Liver injury is conveniently divided into acute and chronic for the purposes of description and clinical management. However, in practice, the same cause may produce either an acute or a chronic illness, in the latter event not necessarily with any preceding clinically evident acute phase. For example, viral hepatitis is considered here under the heading of acute liver injury, but it can lead to chronic liver damage.

Aetiology

The major causes of acute liver injury are:

viral infections
high alcohol consumption
adverse drug reactions
biliary obstruction, commonly due to gallstones.

Direct physical injury to the liver, such as laceration in a road traffic accident, is another important form of acute liver injury, but the focal nature of the injury contrasts with the diffuse injury produced by the agents listed above.
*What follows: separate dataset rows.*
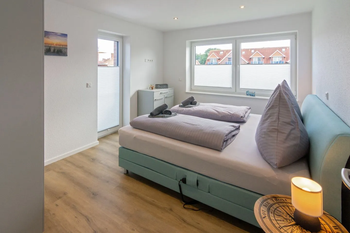 Dieser verfügt über ein gemütliches Boxspring-Bett (180 x 200 cm), Kleiderschrank mit Holzbügeln, zwei Nachttische mit Lampen. Elektronisch steuerbare Fußbodenheizung und elektrische Fensterrollläden. Fliegengitter sind vorhanden.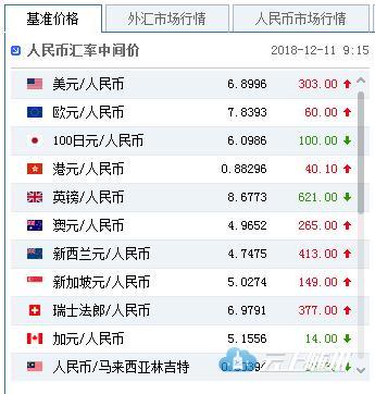 中国人民银行授权中国外汇交易中心公布,2018年12月11日银行间外汇市场人民币汇率中间价为:1美元对人民币6.8996元,1欧元对人民币7.8393元,100日元对人民币6.0986元,1港元对人民币0.88296元,1英镑对人民币8.6773元,1澳大利亚元对人民币4.9652元,1新西兰元对人民币4.7475元,1新加坡元对人民币5.0274元,1瑞士法郎对人民币6.9791元,1加拿大元对人民币5.1556元,人民币1元对0.60394马来西亚林吉特,人民币1元对9.6512俄罗斯卢布,人民币1元对2.0819南非兰特,人民币1元对163.44韩元,人民币1元对0.53188阿联酋迪拉姆,人民币1元对0.54326沙特里亚尔,人民币1元对41.2497匈牙利福林,人民币1元对0.54743波兰兹罗提,人民币1元对0.9521丹麦克朗,人民币1元对1.3169瑞典克朗,人民币1元对1.2401挪威克朗,人民币1元对0.77118土耳其里拉,人民币1元对2.9407墨西哥比索,人民币1元对4.7569泰铢。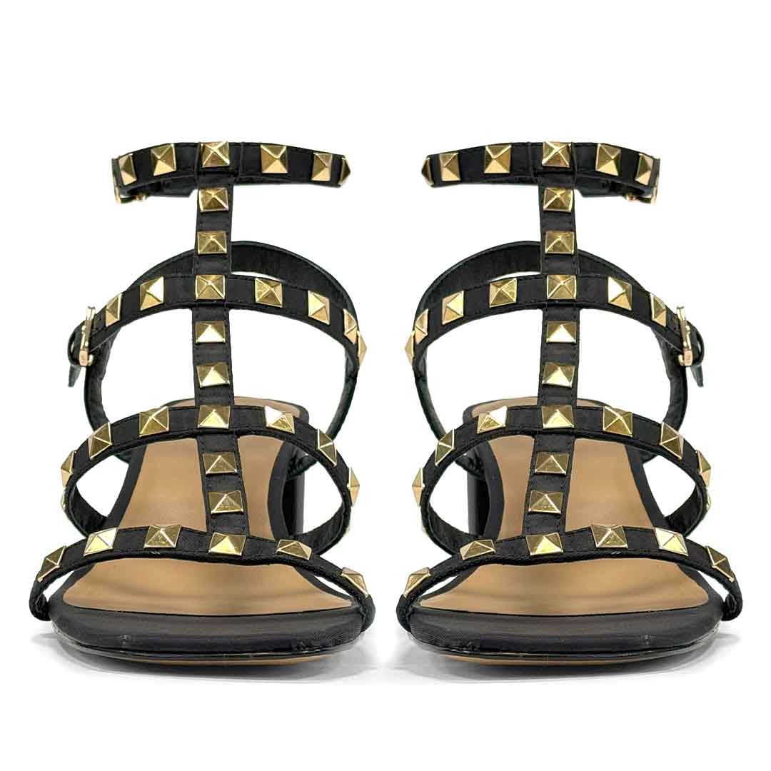 Saint Ella Silver Stone Embellished Black Leather Heels

Recovery from acute liver injury, focal or diffuse, is attributable to the capacity of the organ for cellular regeneration.
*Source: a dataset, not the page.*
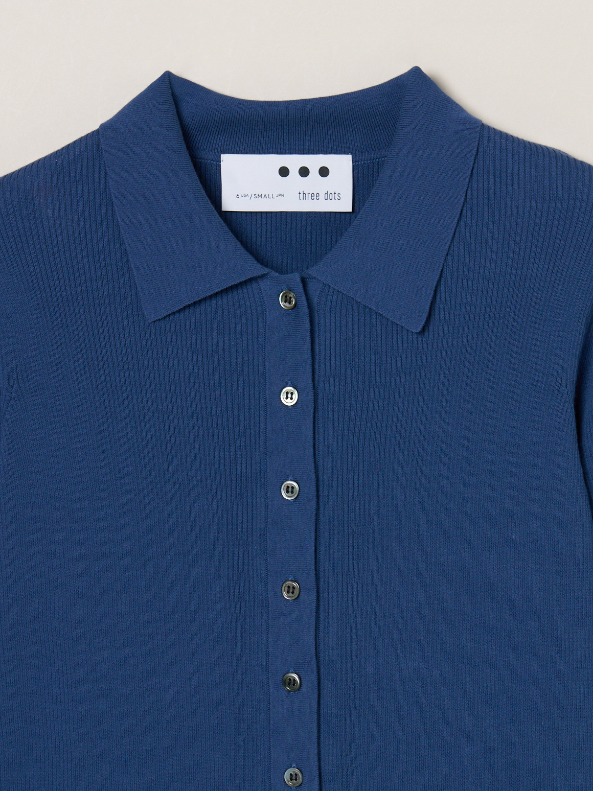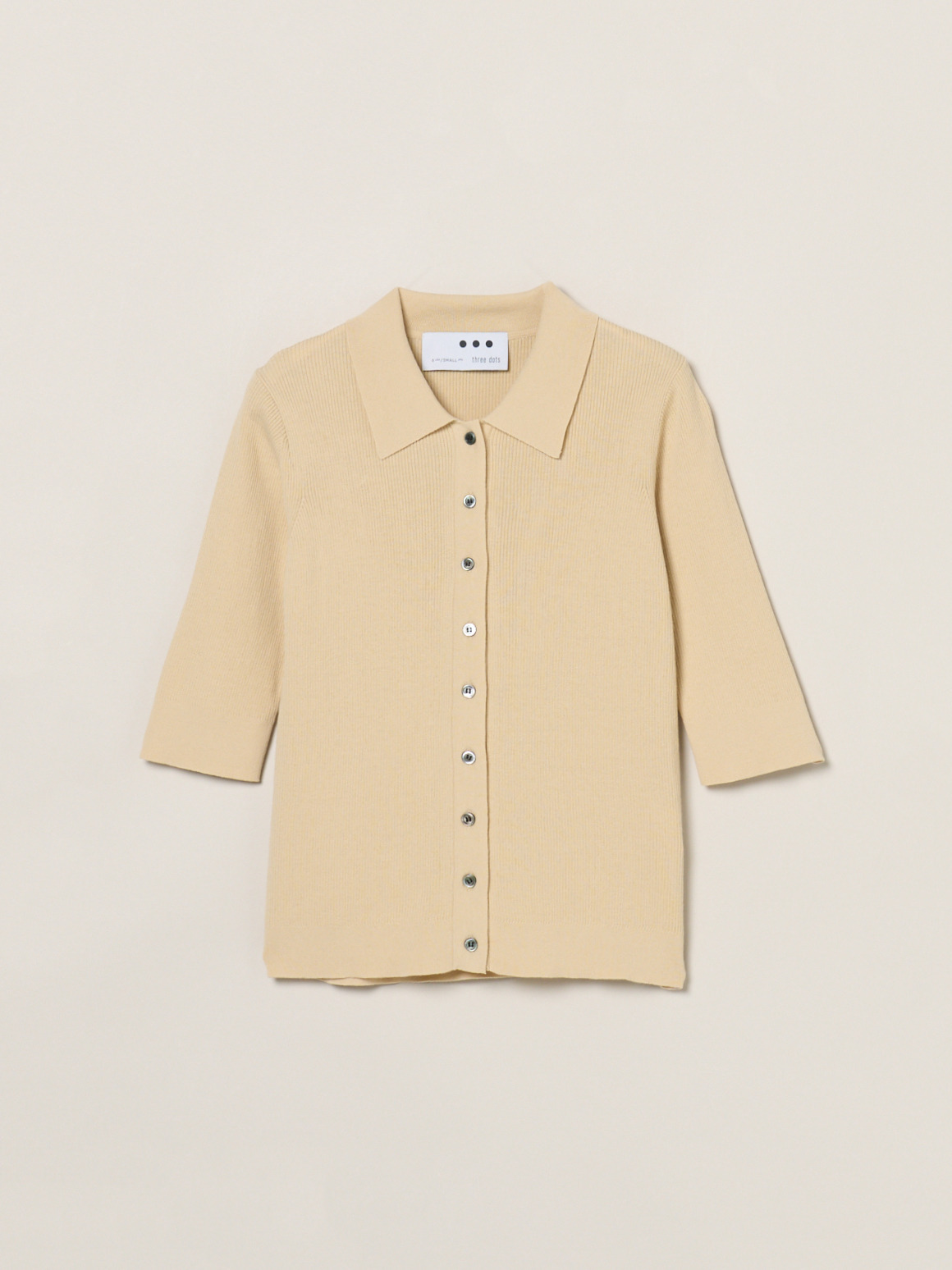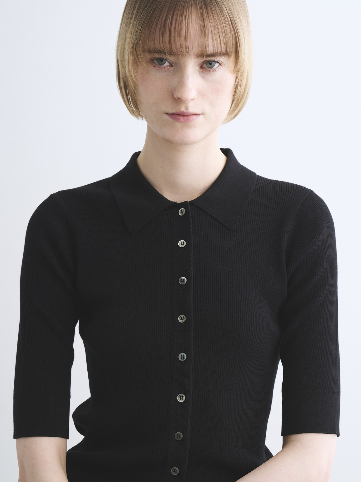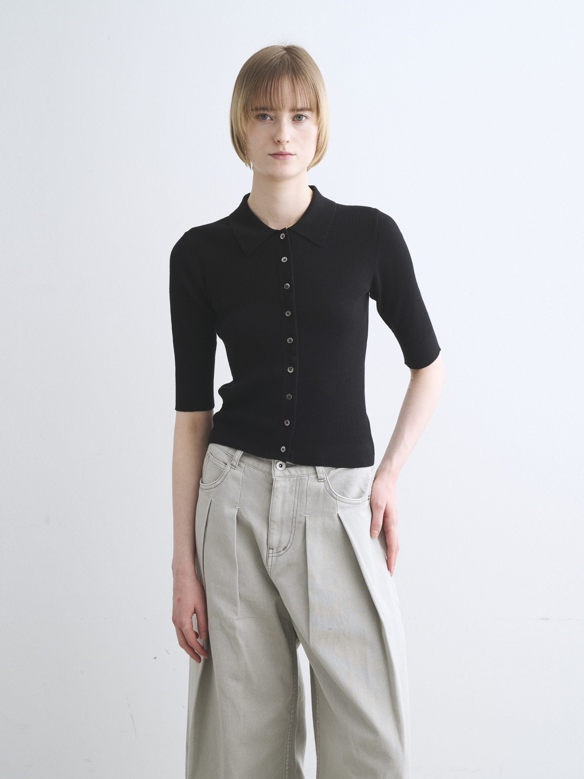 ハイツイストのコットン糸で若干凹凸のある表面に仕上げたニット。肌にまとわりつかないドライな質感が特徴です。フロントボタンのポロは羽織代わりにも活躍。小さなボタンで華奢な印象になるニットです。

Clinicopathological features

The clinical and laboratory manifestations of acute liver injury are:

malaise
jaundice
raised serum bilirubin and transaminases
in severe cases, evidence of liver failure.
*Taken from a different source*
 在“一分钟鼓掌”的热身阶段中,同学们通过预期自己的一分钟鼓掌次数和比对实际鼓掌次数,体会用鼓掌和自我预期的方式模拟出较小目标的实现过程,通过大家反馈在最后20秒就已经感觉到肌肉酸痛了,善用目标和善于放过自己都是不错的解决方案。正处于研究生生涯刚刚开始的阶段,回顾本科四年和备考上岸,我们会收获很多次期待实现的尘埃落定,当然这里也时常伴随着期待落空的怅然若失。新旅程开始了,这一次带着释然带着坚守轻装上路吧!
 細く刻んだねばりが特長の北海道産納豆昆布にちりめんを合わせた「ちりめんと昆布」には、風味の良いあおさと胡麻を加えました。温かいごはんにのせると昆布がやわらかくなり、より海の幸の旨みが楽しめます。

Most of the signs and symptoms of acute liver damage are predictable from the known functions of the liver. The best known is jaundice (or icterus) due to failure of the liver to secrete bile at the rate at which it is formed in the body from the destruction of red cells. Severe acute liver damage can lead to bruising and haemorrhage, due to clotting factor deficiency, and coma due to the accumulation of toxic metabolites that mimic neurotransmitters (‘false neurotransmitters’).

Laboratory investigations

Laboratory investigations will reveal evidence of liver cell damage, in that there will be elevated levels of serum enzymes, particularly the transaminases, and bilirubin. Liver cell damage results in some impairment of bilirubin conjugation, but also failure to excrete conjugated bilirubin and any stercobilinogen absorbed from the gut. Consequently, the urine is darkened by the presence of excess conjugated bilirubin and urobilin (derived by oxidation from urobilinogen) that cannot be excreted by the liver (Fig. 16.2). Eventually, as the liver damage persists, urobilinogen disappears from the urine because little or no bilirubin is being excreted by the liver. Jaundice due to bile duct obstruction—commonly by gallstones—also results in dark urine due to excess conjugated bilirubin that cannot be excreted by the liver; urobilinogen is usually absent, unless the obstruction is of very recent onset or intermittent, because no bilirubin reaches the intestine. Examination of urine and faeces (for colour) can therefore assist in the differential diagnosis of jaundice (Table 16.2).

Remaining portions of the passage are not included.